What could the future hold for physical synthesis? One indication comes from Zenasis Technologies. Its flagship tool, ZenTime, performs transistor-level optimization of standard cells to precisely tune them to meet timing objectives.
"In the late 1980s and early 1990s, logic synthesis was the factor that changed standard-cell design, followed by physical synthesis, which has now taken over the whole synthesis domain," says Sunil Mudinuri, marketing manager at Zenasis. "We believe that in the future, the new synthesis domain will be what we're calling flex-cell or design-specific cell synthesis."
Today, most standard-cell designs are being done on fixed libraries. Zenasis proposes imposing a layer, or wrapper, around the standard cells that would enable ESL tools to replace them, as necessary, with cells that would satisfy specific timing, area, and power constraints.

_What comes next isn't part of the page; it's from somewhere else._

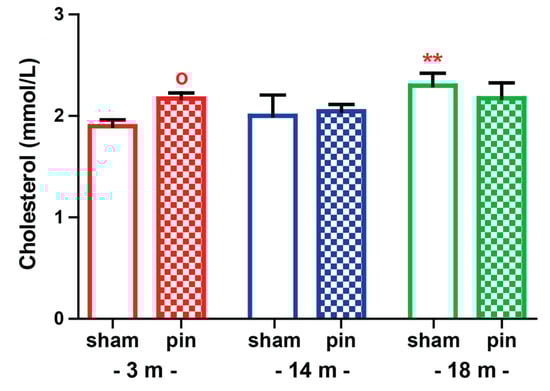 The effect of pin on cholesterol levels in serum of 3-, 14- and 18-month-old rats. Data are presented as mean ± S.E.M. ** p = 0.007 18-month-old sham rats compared to matched 3-month-old rats; o p = 0.0101, 14-month-old pin compared to matched sham group (A); o p = 0.023, 14-month-old pin compared to matched sham group (B); ** p = 0.0055, 14-month-old sham compared to matched 3-month-old group; 18-month-old sham compared to matched 3-month-old group; o p = 0.012, 3-month-old pin rats compared to matched sham group. 3-month-old rats—red; 14-month-old rats—blue; 18-month-old rats—green.

Zenasis' technology operates at the transistor level, giving the tools a good deal of insight into what's happening inside the cells. In the flex-cell concept, more physical information can be piped into the ESL tools for a better estimation of a given implementation.
It's almost ironic that a futuristic concept for physical synthesis would reach all the way up to the ESL level. But given the path taken by synthesis to this point, it's not surprising that EDA vendors would seek to drive physical information as high in the flow as possible.
In a sense, Zenasis' concept closes the circle, bringing the end point of the design process—physical design—around to the front end. This is, in all likelihood, the path that the EDA industry will, and must, traverse if Moore's Law is to survive long into the 21st century.